Feature Analysis Visualizers¶

Feature analysis visualizers are designed to visualize instances in data space in order to detect features or targets that might impact downstream fitting. Because ML operates on high-dimensional data sets (usually at least 35), the visualizers focus on aggregation, optimization, and other techniques to give overviews of the data. It is our intent that the steering process will allow the data scientist to zoom and filter and explore the relationships between their instances and between dimensions.

At the moment we have five feature analysis visualizers implemented:

Rank Features: rank single and pairs of features to detect covariance
RadViz Visualizer: plot data points along axes ordered around a circle to detect separability
Parallel Coordinates: plot instances as lines along vertical axes to detect classes or clusters
PCA Projection: project higher dimensions into a visual space using PCA
Direct Data Visualization: plot instances by selecting subsets of features

Feature analysis visualizers implement the Transformer API from Scikit-Learn, meaning they can be used as intermediate transform steps in a Pipeline (particularly a VisualPipeline).
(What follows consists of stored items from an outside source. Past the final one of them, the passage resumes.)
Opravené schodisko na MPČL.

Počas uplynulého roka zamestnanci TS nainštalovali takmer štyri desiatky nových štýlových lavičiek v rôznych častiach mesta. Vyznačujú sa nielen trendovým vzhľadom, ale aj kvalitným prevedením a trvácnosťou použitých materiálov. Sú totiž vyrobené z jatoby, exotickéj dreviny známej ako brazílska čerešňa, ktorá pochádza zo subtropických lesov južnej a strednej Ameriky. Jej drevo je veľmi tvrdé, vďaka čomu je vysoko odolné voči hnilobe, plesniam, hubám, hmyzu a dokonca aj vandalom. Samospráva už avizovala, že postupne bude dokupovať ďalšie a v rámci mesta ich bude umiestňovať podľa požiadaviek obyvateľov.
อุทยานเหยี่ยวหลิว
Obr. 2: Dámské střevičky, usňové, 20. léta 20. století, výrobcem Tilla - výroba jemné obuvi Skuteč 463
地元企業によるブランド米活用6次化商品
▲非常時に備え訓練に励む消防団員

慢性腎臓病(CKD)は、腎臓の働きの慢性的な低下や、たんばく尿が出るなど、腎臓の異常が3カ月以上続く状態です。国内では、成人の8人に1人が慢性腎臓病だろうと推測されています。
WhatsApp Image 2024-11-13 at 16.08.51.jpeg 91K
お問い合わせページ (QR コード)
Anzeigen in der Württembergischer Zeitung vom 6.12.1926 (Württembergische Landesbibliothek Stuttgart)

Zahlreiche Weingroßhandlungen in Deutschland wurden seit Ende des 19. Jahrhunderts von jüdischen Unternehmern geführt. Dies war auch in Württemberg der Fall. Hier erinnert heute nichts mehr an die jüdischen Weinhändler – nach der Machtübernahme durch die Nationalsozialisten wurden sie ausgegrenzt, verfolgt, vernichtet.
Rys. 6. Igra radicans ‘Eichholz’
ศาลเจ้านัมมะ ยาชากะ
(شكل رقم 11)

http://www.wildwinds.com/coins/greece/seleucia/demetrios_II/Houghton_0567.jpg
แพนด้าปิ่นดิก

They are instantiated in the same way, and then fit and transform are called on them, which draws the instances correctly. Finally poof or show is called which displays the image.

# Feature Analysis Imports
# NOTE that all these are available for import directly from the `yellowbrick.features` module
from yellowbrick.features.rankd import Rank1D, Rank2D
from yellowbrick.features.radviz import RadViz
from yellowbrick.features.pcoords import ParallelCoordinates
from yellowbrick.features.jointplot import JointPlotVisualizer
from yellowbrick.features.pca import PCADecomposition
from yellowbrick.features.scatter import ScatterVisualizer